═══ INFORMATION PROVIDED ═══
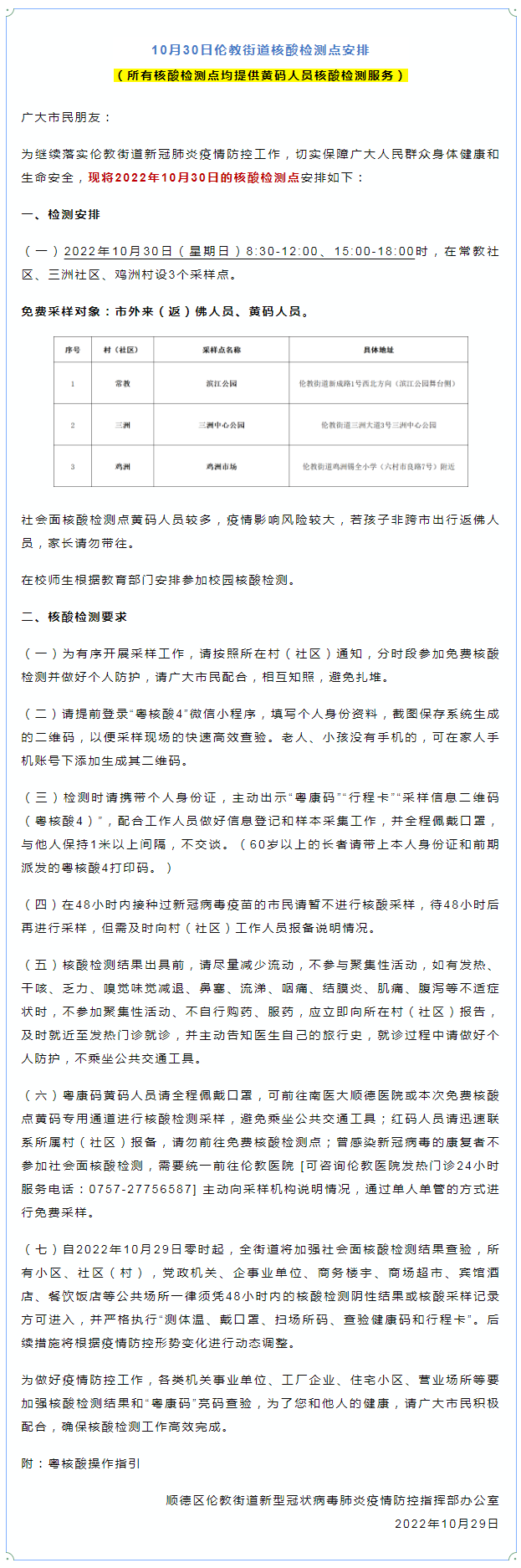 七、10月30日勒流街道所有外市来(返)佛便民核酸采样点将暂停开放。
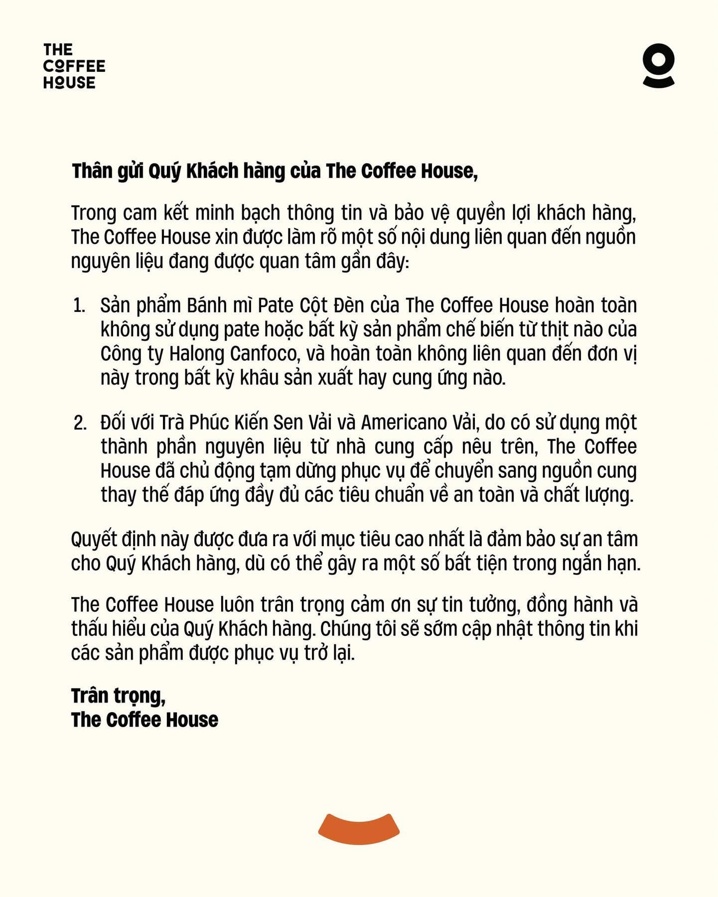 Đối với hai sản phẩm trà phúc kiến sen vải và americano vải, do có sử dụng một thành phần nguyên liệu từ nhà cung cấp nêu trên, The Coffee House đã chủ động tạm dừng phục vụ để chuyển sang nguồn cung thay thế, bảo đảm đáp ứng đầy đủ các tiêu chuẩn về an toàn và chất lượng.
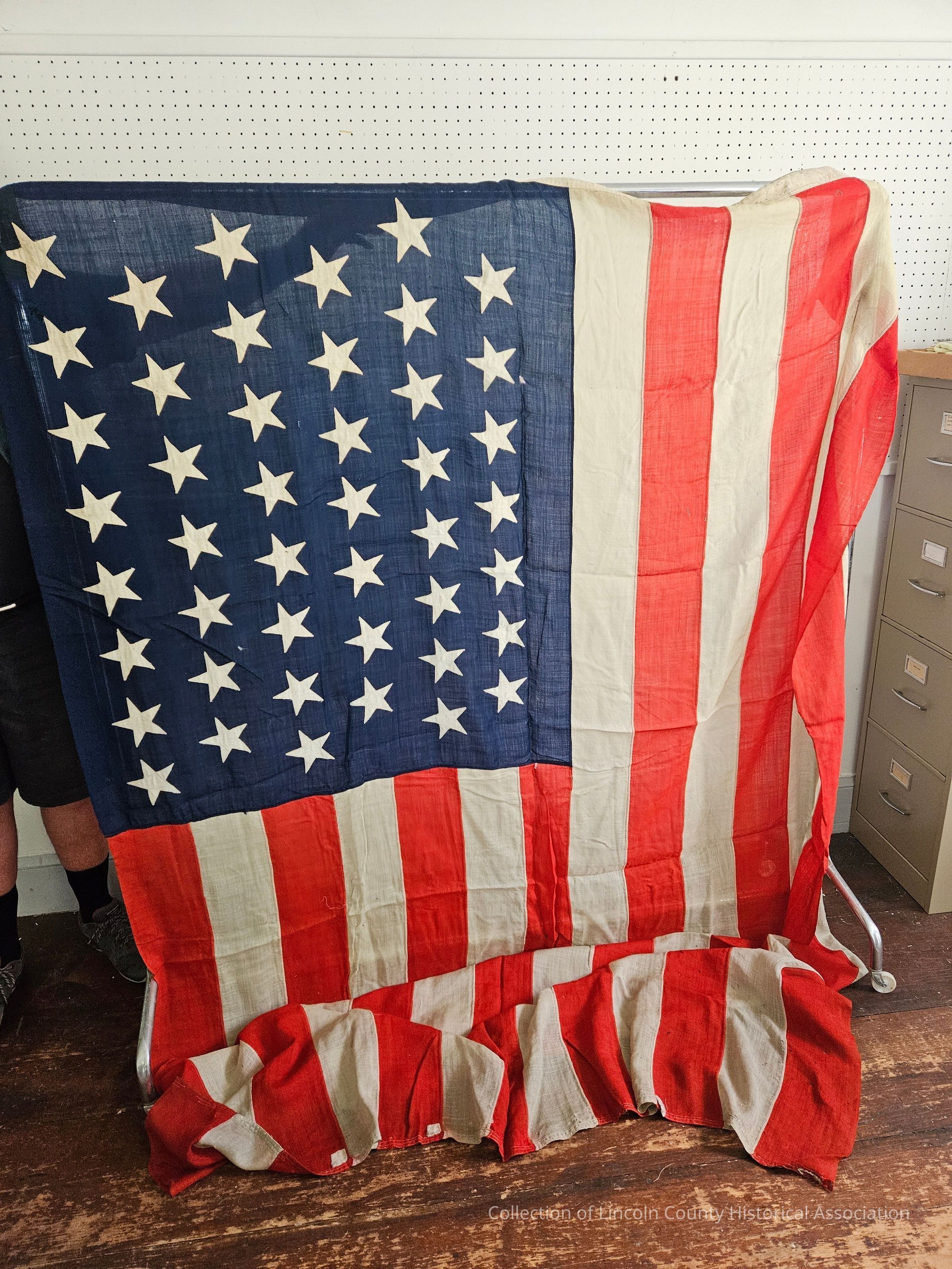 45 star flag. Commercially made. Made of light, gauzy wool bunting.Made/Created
═══
TASK ITEM → Produce the material above again in full, with identical lines and no pictures.

WRITTEN RESPONSE →
 七、10月30日勒流街道所有外市来(返)佛便民核酸采样点将暂停开放。
 Đối với hai sản phẩm trà phúc kiến sen vải và americano vải, do có sử dụng một thành phần nguyên liệu từ nhà cung cấp nêu trên, The Coffee House đã chủ động tạm dừng phục vụ để chuyển sang nguồn cung thay thế, bảo đảm đáp ứng đầy đủ các tiêu chuẩn về an toàn và chất lượng.
 45 star flag. Commercially made. Made of light, gauzy wool bunting.Made/Created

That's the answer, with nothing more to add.